By clicking “Sign up for GitHub”, you agree to our terms of service and privacy statement. We’ll occasionally send you account related emails.

Already on GitHub? Sign in to your account

Ninja + Clang on Windows Failure #270

Closed
All8Up opened this issue Dec 9, 2022 · 20 comments · Fixed by #271
Closed

Ninja + Clang on Windows Failure #270

All8Up opened this issue Dec 9, 2022 · 20 comments · Fixed by #271

Comments

@All8Up
Copy link
Contributor

All8Up commented Dec 9, 2022

Error:
"
CMake Error at b/_deps/corrosion-src/cmake/Corrosion.cmake:525 (message):
Unknown windows environment - Can't determine implib name
"

I recently switched our CI builds to use corrosion from a custom import script and all the combinations of msbuild vs ninja and clang vs msvc work except this one. It is only on Windows though as our linux ninja+clang works just fine.

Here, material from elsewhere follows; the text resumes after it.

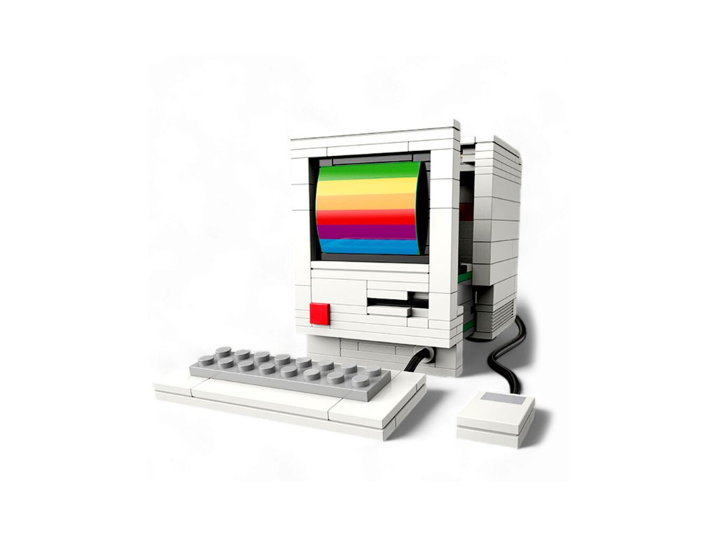 Rozměry: 10x28x9 cm. Věk: 8+. Její design vzdává hold ikonickým systémům z 80. let, včetně klávesnice, myši a obrazovky s duhovým efektem, vše znovu vytvořené z vysoce kvalitních kostek a bez použití lepidla. Je součástí kolekce Bricks Pop Series, spolu s dalšími vintage vychytávkami, jako jsou rádia, televize a klasické konzole.

I will dig into it in the morning but figured I'd open this up and see if there were any thoughts or existing issues related to this before I go spelunking?

@jschwe
Copy link
Collaborator

jschwe commented Dec 9, 2022

Are you targeting the windows msvc or gnu Abi?

Edit:
Does the issue also appear on master? It sounds similar to #255, but I don't think I've released a new version yet which includes the fix.

@All8Up
Copy link
Contributor Author

All8Up commented Dec 9, 2022

Are you targeting the windows msvc or gnu Abi?

In this case it is all msvc I believe, the command line in question specifies clang and clang++ for the compiler while everything else is left alone.

Edit: Does the issue also appear on master? It sounds similar to #255, but I don't think I've released a new version yet which includes the fix.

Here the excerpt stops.